Furthermore, following the research objectives, namely, to test the effect of Technology Readiness, self-efficacy on perceived usefulness, and its impact on behavioral intention, structural equation modeling (SEM) is used. In the first stage, the researcher tests the research model's suitability then evaluates the measurement model and evaluates the structural model. The explanation is explained as follows.

Model Fit Test

The model fit test is conducted to evaluate whether the model that has been built has a suitable level (Hair et al., 2014). There are various model tests conducted to evaluate the fit of the model. The following are the results of the model fit test evaluation, as shown in Table 2 below:

Table 2
Model Fit Test Result
Measure Goodness of Fit Cut Off Estimated Value Notes
Chi-Square p-value>0,05 2270.98    (p-value  0,000) Not Fit
RMSEA =0.08 0.080* Good Fit
RMR =0.05 0.07* Marginal Fit
GFI =0.9 0.82 Marginal Fit
NFI =0.9 0.98* Good Fit
NNFI =0.9 0.98* Good Fit
IFI =0.9 0.98* Good Fit
RFI =0.9 0.98* Good Fit
CFI =0.9 0.98* Good Fit
*meet the criteria of a good model
   

The Chi-Square value in Table 2 above shows the estimated value of 2270.98 and has a p-value of 0.000. According to Hair et al. (2014), a good chi-square value is below 0.05. Meanwhile, the p-value in this research is smaller than 0.05, so the results do not meet the criteria for a good research model. However, according to Hair et al. (2014), if the chi-square does not meet the desired criteria, another model fit test is conducted with a note that the trials carried out tend to be larger than support the model than those that do not support the model. The measure of goodness as shown in table 2 is Root mean square error of approximation (RMSEA), Root Mean Square Residual (RMR), Goodness of Fit Index (GFI), Normed Fit Index (NFI), Non-Normed Fit Index (NNFI), Incremental Fit Index (IFI), Relative Fit Index (RFI), and Comparative Fit Index (CFI) with the recommended value for each model fit test is ≥0.9. Based on table 2 above, the value of RMSEA, RMR, GFI, NFI, NNFI, IFI, RFI, and CFI is more than the recommended value for RMSEA of ≤0.08 while other values are following the table above which is 0.98 which means that this research model is a good fit. Of the 9 model trials, 1 test was not fit (Chi-Square), two marginal fit (RMR and GFI), and six tests resulted in a good fit model (RMSEA, NFI, NNFI, IFI, RFI, and CFI). Thus it can be concluded that the model estimate produced in this research is acceptable because it has a good fit value that is greater than the net fair value. It means that the model obtained in this study is following the model theoretically.
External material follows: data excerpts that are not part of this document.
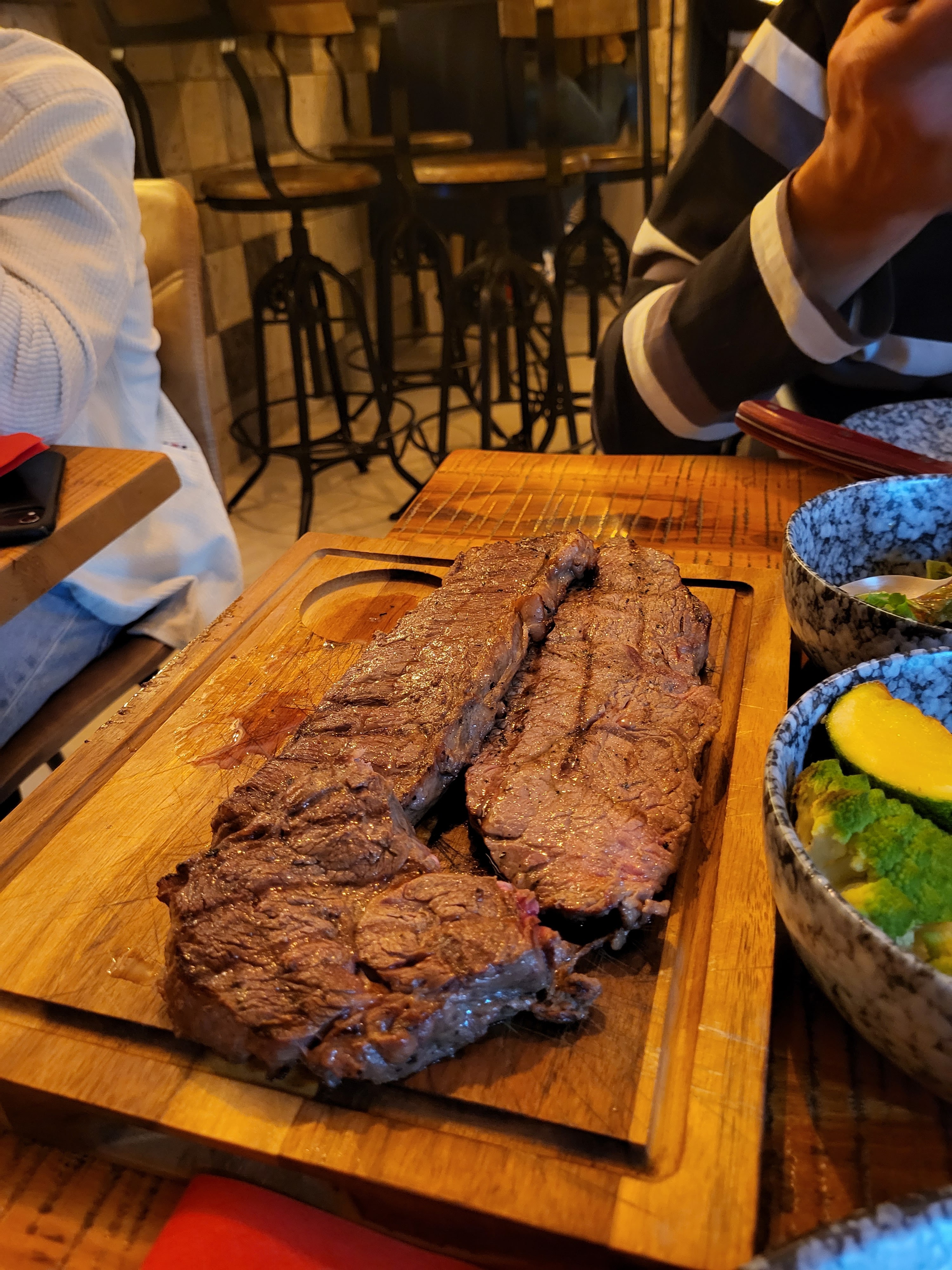 Nous avons eu le faux-filet, le flanc et les côtes. Tout était délicieux et le service était fantastique, dommage que nous n'ayons pas essayé le burger, je suis sûr que c'est génial, ne manquez pas cet endroit, le gros œuf vert est le bon outil
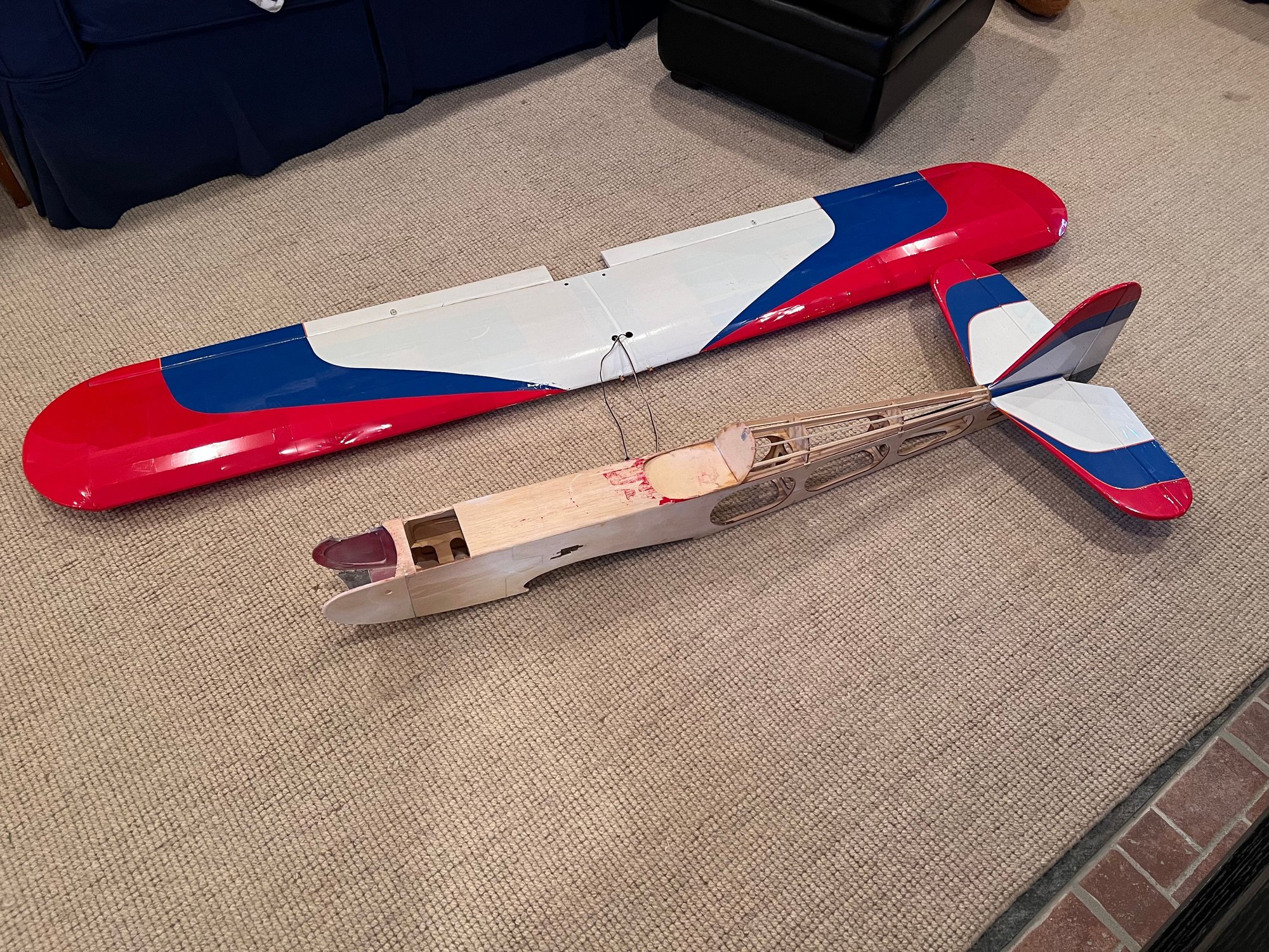 I picked up a 4*60 a couple of years ago off of FB mkt place. The guy was trying to convert it to electric and gave up on it. I picked it up real cheap but it is badly fuel soaked. Trying to dry it out with KR2 & heat with towels but this may be a perfect candidate for a twin conversion. It has a 79 inch wingspan with the added wingtips.
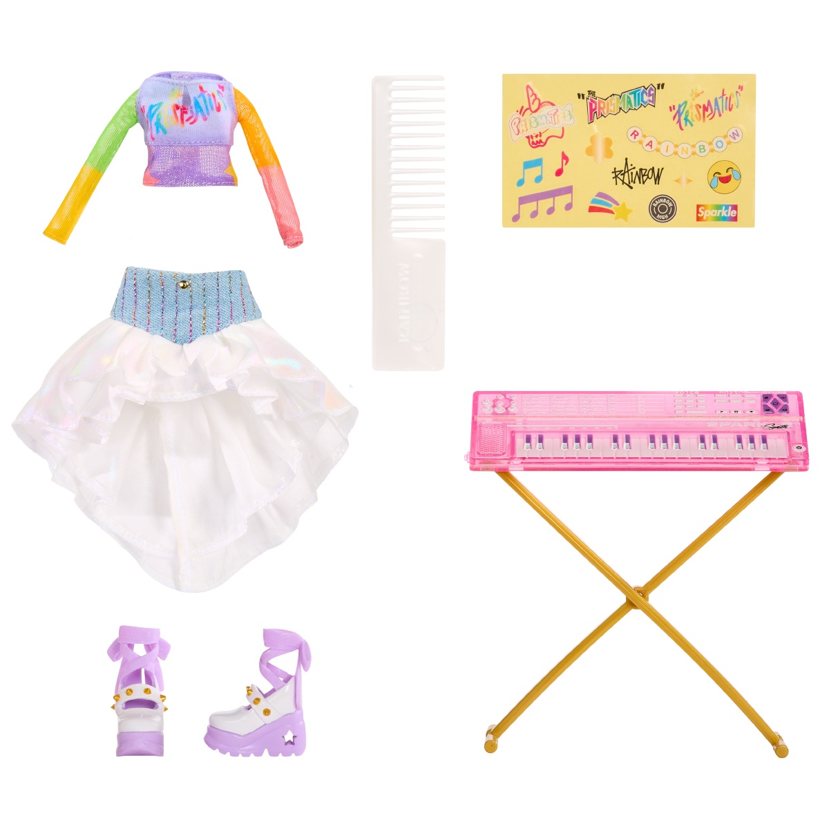 Descopera noua colectie RAINBOW HIGH Junior High Rockband, unde papusile preferate prind viata in versiuni mai tinere si devin o adevarata trupa rock! Papusa Amaya iese in evidenta prin parul lung multicolor si un stil unic, perfect pentru scena.
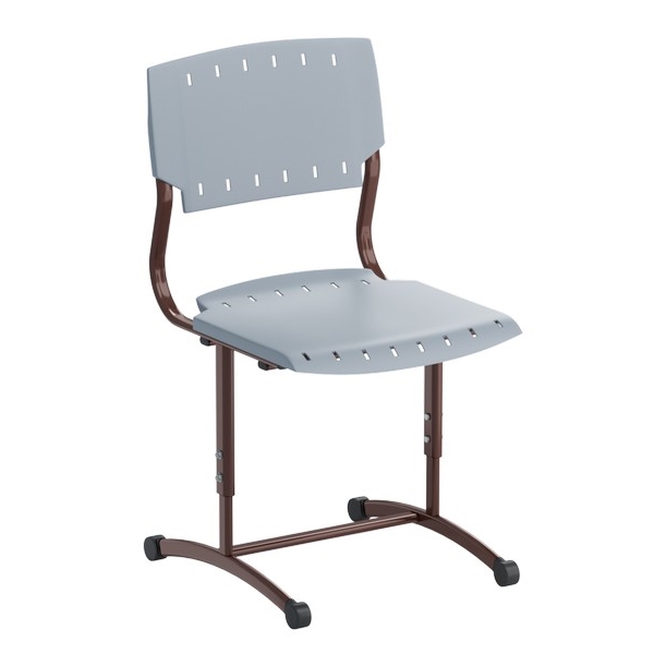 Стул ученический, регулируемый. Сиденье и спинка изготовлены из пластика методом литья. Спинка имеет изгиб в плане, все углы притуплены и имеют радиус закругления (габариты спинки 456х270 мм). Передний край сиденья имеет изгиб, все углы притуплены и имеют радиус закругления (габариты сиденья 456х410мм). Каркас стула состоит из двух подвижных опор и верхнего корпуса. Подвижные опоры выполнены сварными цельнометаллическими из плоскоовальной трубы и покрыты стойким полимерным покрытием. На свободных концах труб установлены заглушки из ударопрочных полимеров не повреждающих поверхность напольных покрытий.
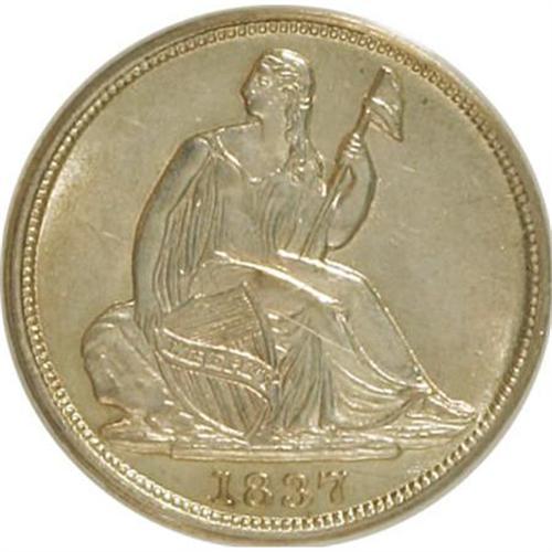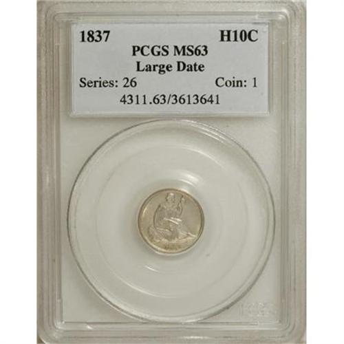 <B>1837 H10C Large Date (Curl Top 1) MS63 PCGS.</B></I> PCGS Population (128/230). NGC Census: (117/436). Mintage: 1,405,000. Numismedia Wsl. Price for NGC/PCGS coin in MS63: $725. (#4311)<BR><BR><B>Coin Engraver:</B> Christian Gobrecht<BR><BR><b>Shipping:</b> Coins & Currency (<a target="_blank" href="http://www.heritageauctions.com/common/shipping.php">view shipping information</a>)
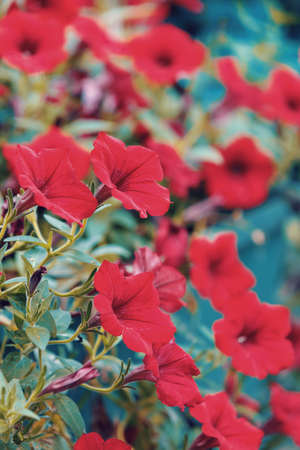 Million bells flower detail. Summer red and purple blooms. Beautiful plants in garden. Decoration for summer house
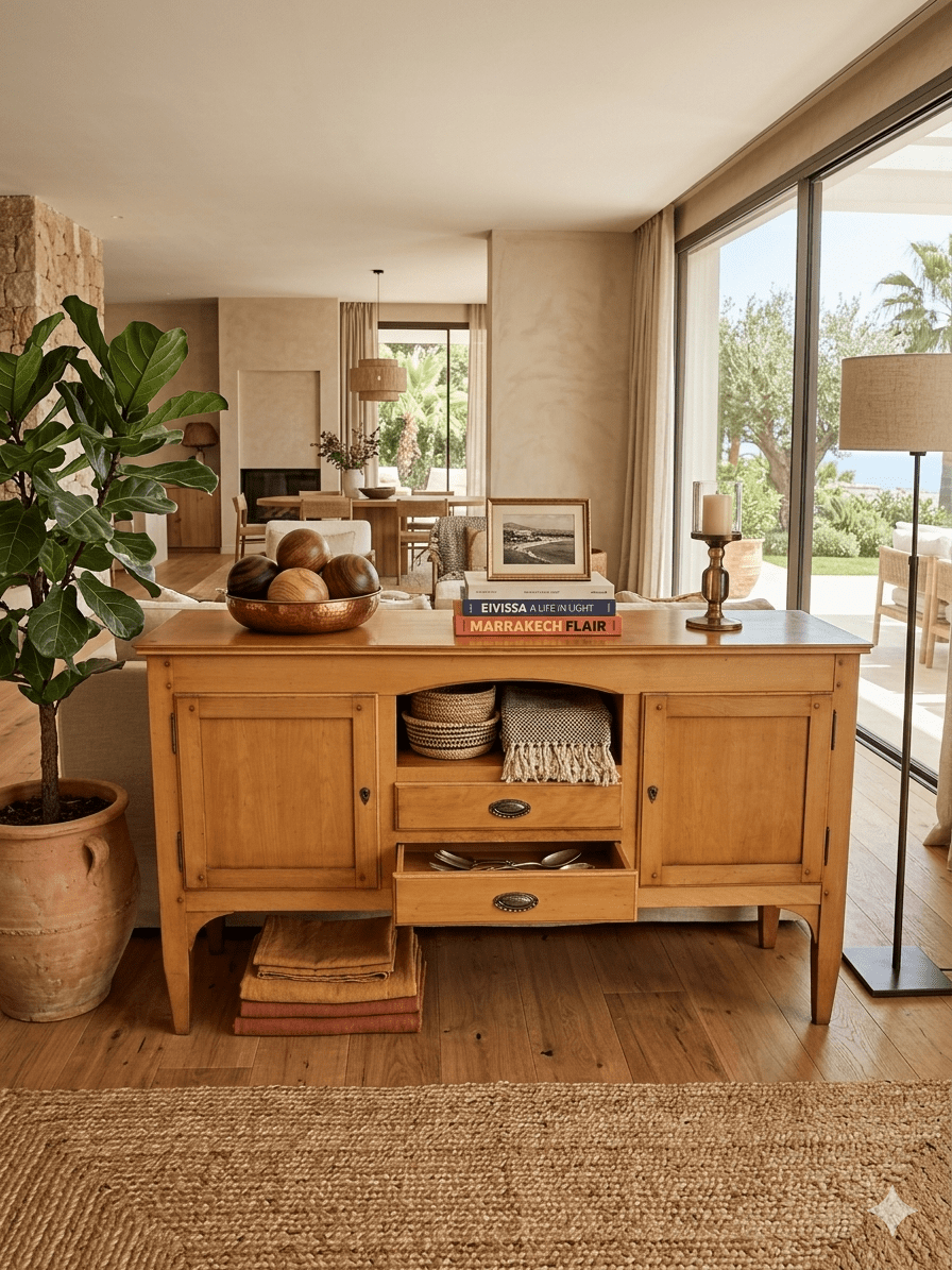En el Comedor: Actúa como el soporte perfecto para vajillas y mantelerías, aportando una presencia cálida y señorial.

Evaluation of the Measurement Model

Measurement models are used to evaluate the relationship between latent variables and manifest. If the relationship's loading factor value is below 0.05, according to Hair et al. (2014), the construct is recommended to be removed from the model. The following is a full model path diagram of the influence of technology readiness and self-efficacy on perceived usefulness and its impact on behavioral intention, as shown in Figure 1 below.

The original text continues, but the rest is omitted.